Commentators have called on the RBA to implement QE, perhaps as early as
this year, but MNI understands that this is not a course the Bank would like to
take.
Having observed other central banks enacting QE over the last decade, the
RBA would favour more conventional policy levers, even if that means taking
rates to zero. RBA officials have also examined cases in which rates have fallen
into negative territory, MNI understands.
The RBA cut to a record low 1.25% on June 4 and looks set to follow with
another reduction at either the July or August meeting. Earlier Thursday, RBA
Governor Philip Lowe said it wasn't 'unrealistic' to expect a further cut.
Precedent would suggest the next move will take the official Cash Rate to
1.0%, with many in financial markets expecting it to fall to 0.75% by year end.
The RBA's rule of thumb suggests a 25bps cut in rates will deliver stimulus
of just under 0.2 percentage point to GDP growth over two years, and, given
current trends, 50 bps in reductions may not meet needs.
--SUFFICIENT AMMUNITION
Yet the Bank believes that, even at 1.25%, it has sufficient ammunition to
stimulate the economy using rates, particularly if the Government can deliver
some fiscal stimulus.
RBA Governor Philip Lowe has returned to this theme on several occasions
recently and MNI understands it is a view held strongly at the Bank: that
infrastructure programs and structural reform to promote growth and particularly
wages growth are needed to compliment monetary policy measures in the current
economic context.
The recently-returned Morrison Government has a mandate for tax cuts and
some micro-economic reform.
Australia's labour market and GDP growth have slowed and growing global
headwinds, particularly from the decelerating Chinese economy, will continue to
weigh in coming months.
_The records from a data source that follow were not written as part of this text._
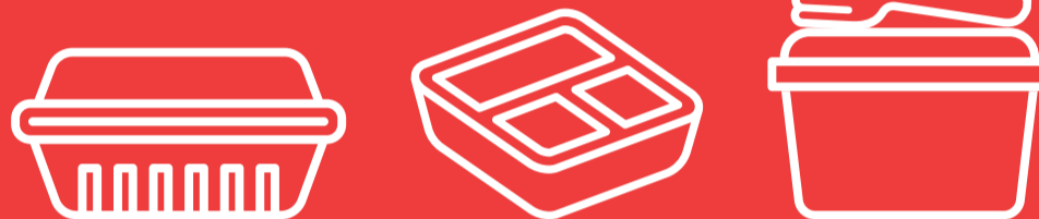
Schalen mit und ohne Deckel für z. B. Döner, Bowls, Salate, Sushi ...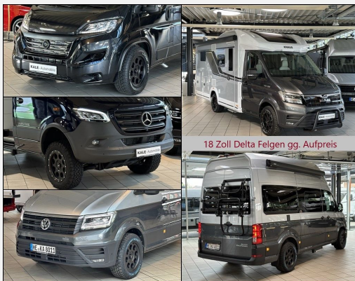
18 Zoll Delta Felgen gg. Aufpreis

Offizieller Vertragshändler für: EHYMER carado KNAUS LMC TABBERT ERIBA ADAC Wohnmobilvermittlung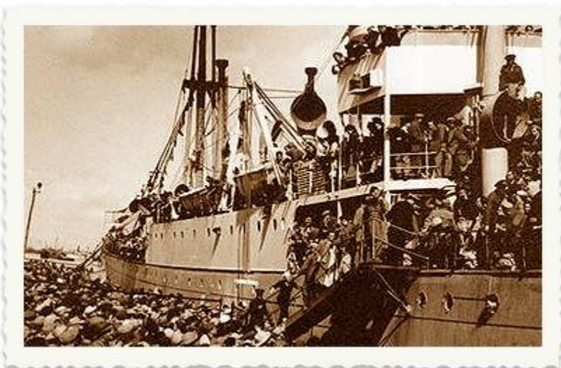
המעפילים מטפסים בהמוניהם על ה"עצמאות" בדרך לארץ ישראל

לאחר ה-29 בנובמבר '47 הייתה ההעפלה נושא למחלוקת בין מוסדות היישוב בארץ לאנשי המוסד לעלייה ב'. משה שרתוק (לימים שרת) סבר שהבאת אלפי מעפילים בעת ההיא תגרום לארה"ב לחזור בה מתמיכה בתוכנית החלוקה. לעומתו, טען שאול אביגור (מאירוב), ראש ארגון עליה ב', שיש לקיים את העלייה בכל תנאי. בינתיים המעפילים עלו על האוניות ולא ניתן היה להמתין. בן גוריון ומשה שרתוק נאלצו למצוא פשרה - ה"פאנים" יוסגרו לבריטים ויובלו למחנות קפריסין.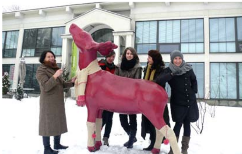
Finał akcji: Ubierz jelonka na zimę.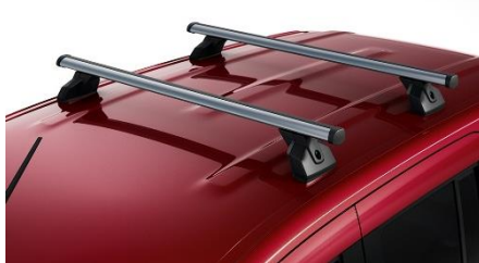
Belki dachowe Aluminium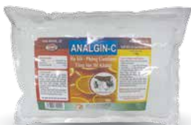
Túi 100g, 1kg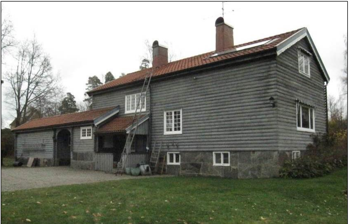
Annexets baksida med baksidan på "Lillstugan" längst till vänster i bild.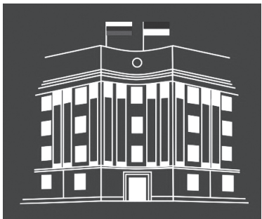
Первая сессия Народного Хурала Бурятии седьмого созыва прошла 25 сентября

Новый состав Народного Хурала Республики Бурятия собрался на свое первое пленарное заседание. По итогам состоявшихся 10 сентября выборов в законодательный орган республики избрано 66 депутатов, из них половина - «одномандатники», другая часть избрана по единому избирательному округу по партийным спискам. В целом депутатский корпус седьмого созыва обновлен почти на две трети.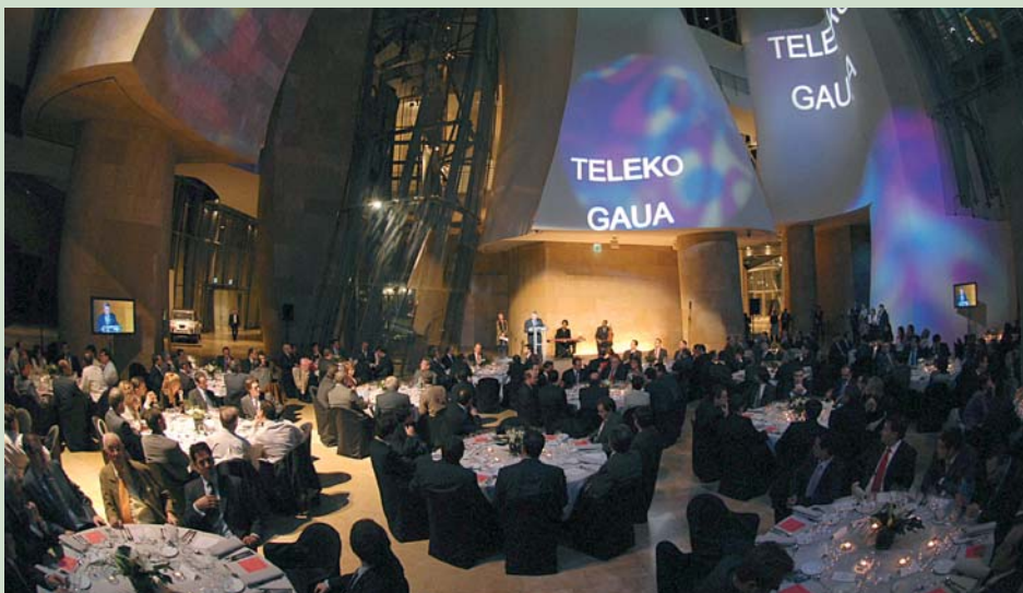
El Decano, D. Juan Luis Ordiales Basterretxe inaugura la Teleko Gaua 2006

Alcalde, Iñaki Azkuna . Durante la Cena destacaron las intervenciones de las autoridades. Al concluir los postres se procedió a la entrega de los "I Premios de las Telecomunicaciones" convocados en esta edición inaugural en sus cuatro categorías: a la Innovación, al personaje TIC, a la mejor aplicación TIC y a la Telecomunicación.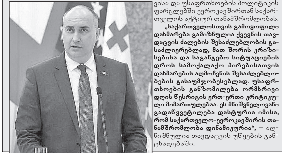
საქართველოსთვის გამოყოფილი დახმარება გამოიზრდება ქვეყნის თავდაცვის ძალების შესაძლებლობის გაძლიერებად, მათ შორის კრიზისებისა და საგანგებო სიტუაციების დროს სამოქალაქო პირებისათვის დახმარების აღმოჩენის შესაძლებლობების გასაუმჯობესებლად. უსაფრთხოების განზომილება ორმხრივი დღის წესრიგის ერთ-ერთი კრიტიკული მიმართულებაა. ეს მნიშვნელოვანი გადაწყვეტილება დასტურია იმისა, რომ საქართველო-ევროკავშირის თანამშრომლობა დინამიკურია“, — აღნიშნულია თავდაცვის უწყების განცხადებაში.

მხარდაჭერის პაკეტი 12.75 მილიონ ევროს შეადგენს და 36 თვეზეა გათვლილი. პაკეტის მიზანი ქვეყნის თავდაცვისუნარიანობის გაძლიერება და იმ შესაძლებლობების განვითარებაა, რომლებიც ხელს შეუწყობს ერთიანი თავდაცვისა და უსაფრთხოების პოლიტიკის ფარგლებში ევროკავშირთან საქართველოს აქტიურ თანამშრომლობას.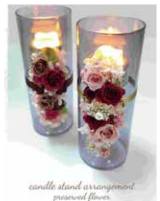
candle stand arrangement preserved flower

The RBA is concerned further slowing will hit exports,
with knock-on effects for household spending and the property market.
The Bank is convinced lower rates will eventually filter through into
consumer spending, boosting the employment, inflation and growth, and not result
in another wave of rising household debt.
GDP growth for the March quarter was 0.4%, delivering annualized growth of
1.8% - down from 2.3% for the year to the end of December 2018.
The labour market is also moving in the wrong direction, with the
unemployment rate moving up from 4.9% to 5.2% and underemployment now at 8.6%.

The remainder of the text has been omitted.